## Task directions
Leaving out all pictures, reproduce the entries below exactly, from the first line through the line that contains "Gender (a) and".
[Opening The data section]
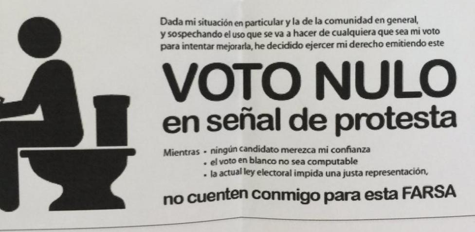 Un histórico aluvión de votos nulos, con casi 2 millones, en los últimos comicios ha puesto en evidencia el descontento de la población . Se cuenta como voto nulo el realizado con una marca diferente a un aspa (x) o cruz (+); El voto nulo es un voto mal realizado en una elección, al punto que acarrea su nulidad. Da para efectos de asignaciones de prerrogativas a los . No es lo mismo votar en blanco o abtenerse o que emitir un voto nulo.
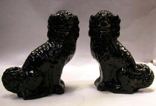 A PAIR OF STAFFORDSHIRE EBONIZED SPANIELS;
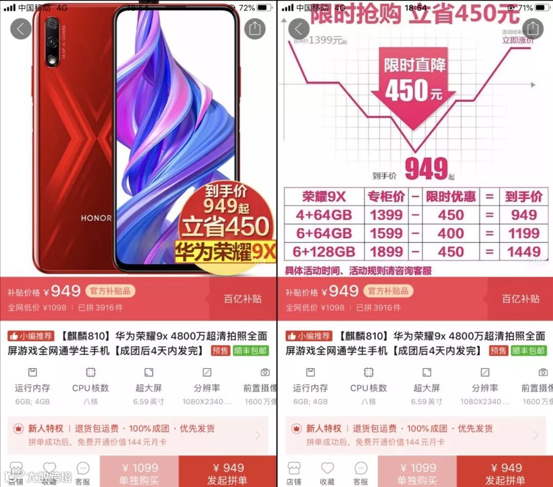 另一边,拼多多的百亿补贴活动 荣耀9X 最低价949元即可到手,比官方价便宜了450元。参数上,荣耀9X系列采用升降6.59英寸LCD屏,前置1600万像素,4000mAh+10W快充,有3.5mm耳机孔,不支持NFC,不支持红外。
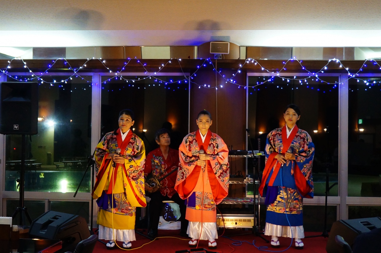夕食時に具志堅ファミリーの沖縄歌謡ショーがあります。
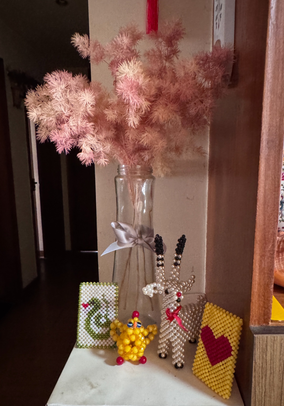 董志萍家里摆放的串珠作品
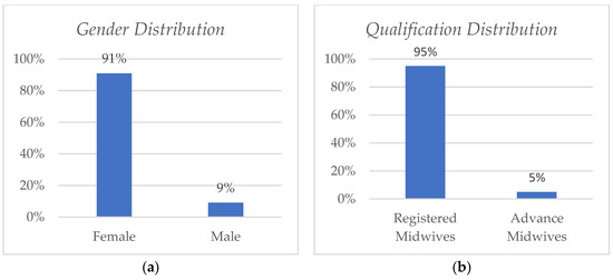 Gender (a) and qualification distribution (b).
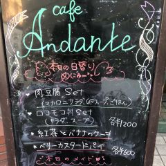 | 営業時間 | 平日15時〜22時。土日祝12時〜22時。不定期で営業時間が変わる場合がございます。詳しくは下記スケジュール表をご確認下さいhttp://andante.jp/ftschedule221/schedule.cgi | ||||||||||||||
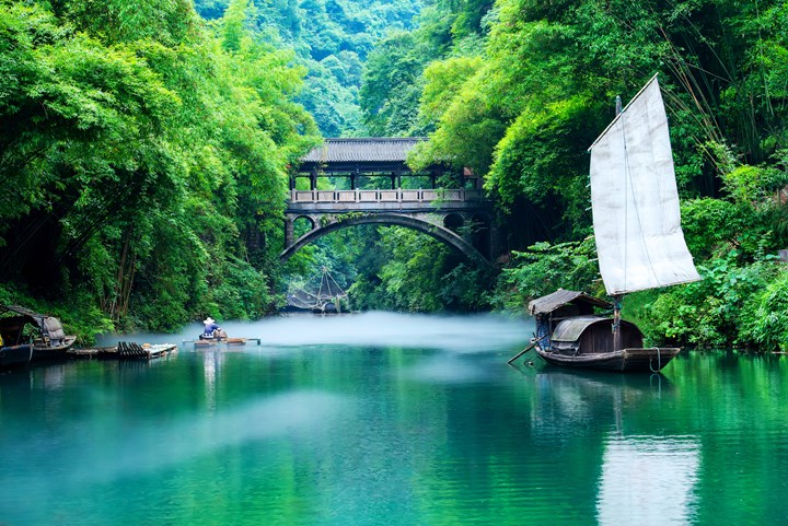 Vroeg in de ochtend passeren we de Wukloof, beroemd om zijn steile hellingen en zijn pieken met inspirerende namen: Piek van de Godin, Piek van de Vliegende Feniks en Piek van de Klimmende Draak, waarna we aanmeren in Wushan. Aan boord van ‘sampans’, een typisch bootje uit Oost- en Zuidoost-Azië, ontdekken we de Drie Kleine Kloven van de Daning, een zijrivier van de Yangtze. Terwijl we verder varen, genieten we van een buitengewoon landschap van bergtoppen, groene heuvels waar gouden stompneusapen spelen en watervallen. De kliffen lijken binnen handbereik en op de flanken getuigen de hangende doodskisten van het Chinese volk Bo, dat bijna uitgestorven is, van 1.000 jaar menselijke aanwezigheid. In de vooravond komen we aan bij de Qutangkloof, de kortste en smalste van de Drie Kloven. Avondmaal en overnachting aan boord.
[Closing The data section]
## Result for this task
 Un histórico aluvión de votos nulos, con casi 2 millones, en los últimos comicios ha puesto en evidencia el descontento de la población . Se cuenta como voto nulo el realizado con una marca diferente a un aspa (x) o cruz (+); El voto nulo es un voto mal realizado en una elección, al punto que acarrea su nulidad. Da para efectos de asignaciones de prerrogativas a los . No es lo mismo votar en blanco o abtenerse o que emitir un voto nulo.
 A PAIR OF STAFFORDSHIRE EBONIZED SPANIELS;
 另一边,拼多多的百亿补贴活动 荣耀9X 最低价949元即可到手,比官方价便宜了450元。参数上,荣耀9X系列采用升降6.59英寸LCD屏,前置1600万像素,4000mAh+10W快充,有3.5mm耳机孔,不支持NFC,不支持红外。
夕食時に具志堅ファミリーの沖縄歌謡ショーがあります。
 董志萍家里摆放的串珠作品
 Gender (a) and qualification distribution (b).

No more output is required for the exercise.